====== GIVEN DATA ======
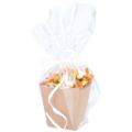 Pappersvas som passar perfekt för att ge bort en blomma, godis eller presenter i. Vasen är gjord av kartong med en fin vågig kant upptill. Gör en fin inslagning med hjälp utav cellofan och ett matchande presentband till.
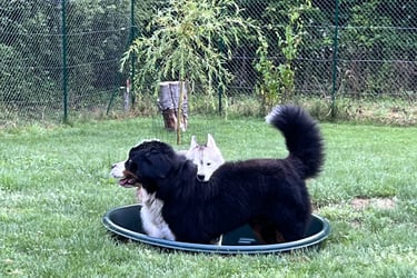 🎾 DE VRAIES VACANCES, PAS JUSTE DE LA GARDE : Accès quotidien à 2 grands parcs ombragés, Activités variées : piscines, jeux de fouille, stimulation mentale ; Socialisation réfléchie en groupes compatibles ; Suivi individualisé selon le rythme de chacun
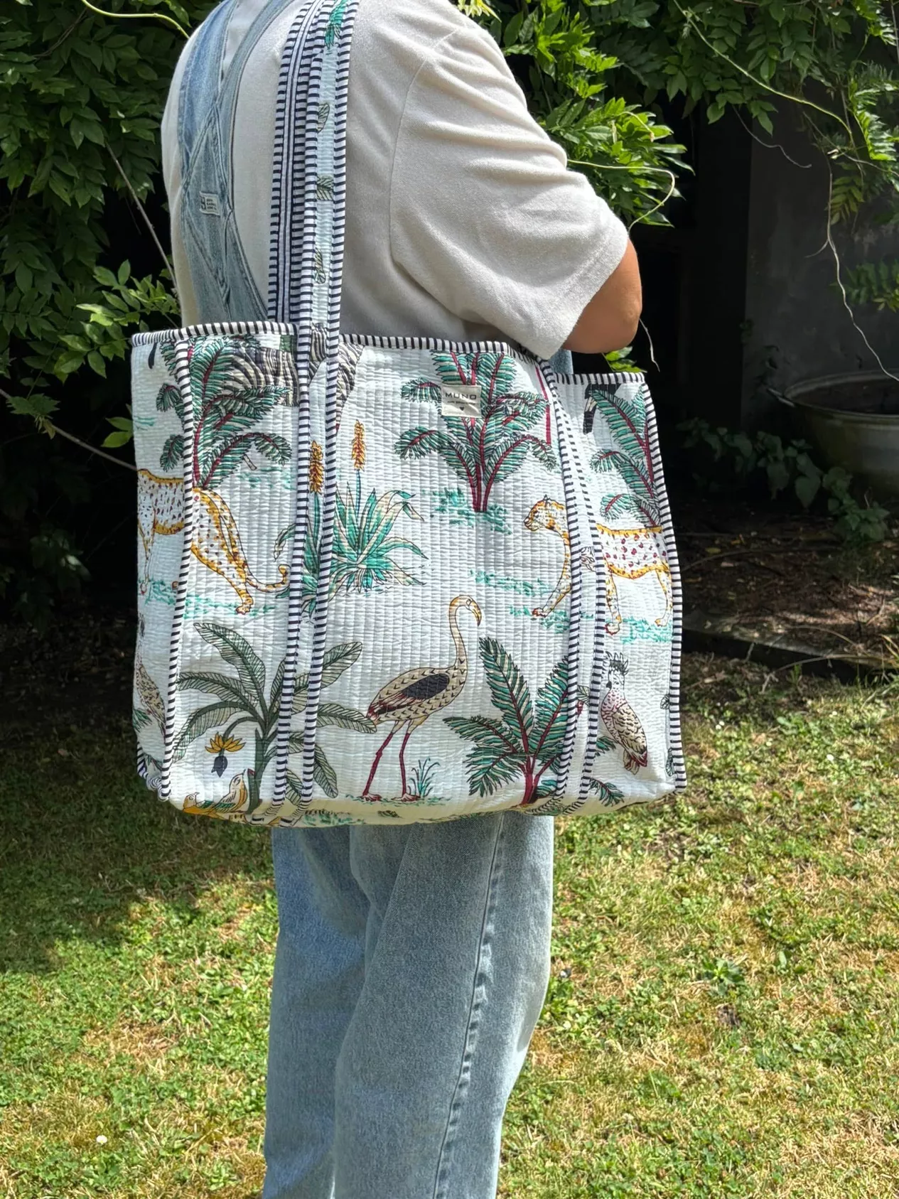 Confectionné en 100 % coton, ce spacieux cabas matelassé se distingue par son superbe imprimé jungle dessiné à la main sur fond écru. Des finitions à rayures noir et blanc soulignent les contours du sac et ses longues anses, créant un contraste moderne et élégant avec le motif naturel. Le design, à la fois ludique et raffiné, évoque l’aventure et la beauté de la nature.
======
In your copy, leave out the pictures and reproduce the material above exactly.

- **WRITTEN RESPONSE**:
 Pappersvas som passar perfekt för att ge bort en blomma, godis eller presenter i. Vasen är gjord av kartong med en fin vågig kant upptill. Gör en fin inslagning med hjälp utav cellofan och ett matchande presentband till.
 🎾 DE VRAIES VACANCES, PAS JUSTE DE LA GARDE : Accès quotidien à 2 grands parcs ombragés, Activités variées : piscines, jeux de fouille, stimulation mentale ; Socialisation réfléchie en groupes compatibles ; Suivi individualisé selon le rythme de chacun
 Confectionné en 100 % coton, ce spacieux cabas matelassé se distingue par son superbe imprimé jungle dessiné à la main sur fond écru. Des finitions à rayures noir et blanc soulignent les contours du sac et ses longues anses, créant un contraste moderne et élégant avec le motif naturel. Le design, à la fois ludique et raffiné, évoque l’aventure et la beauté de la nature.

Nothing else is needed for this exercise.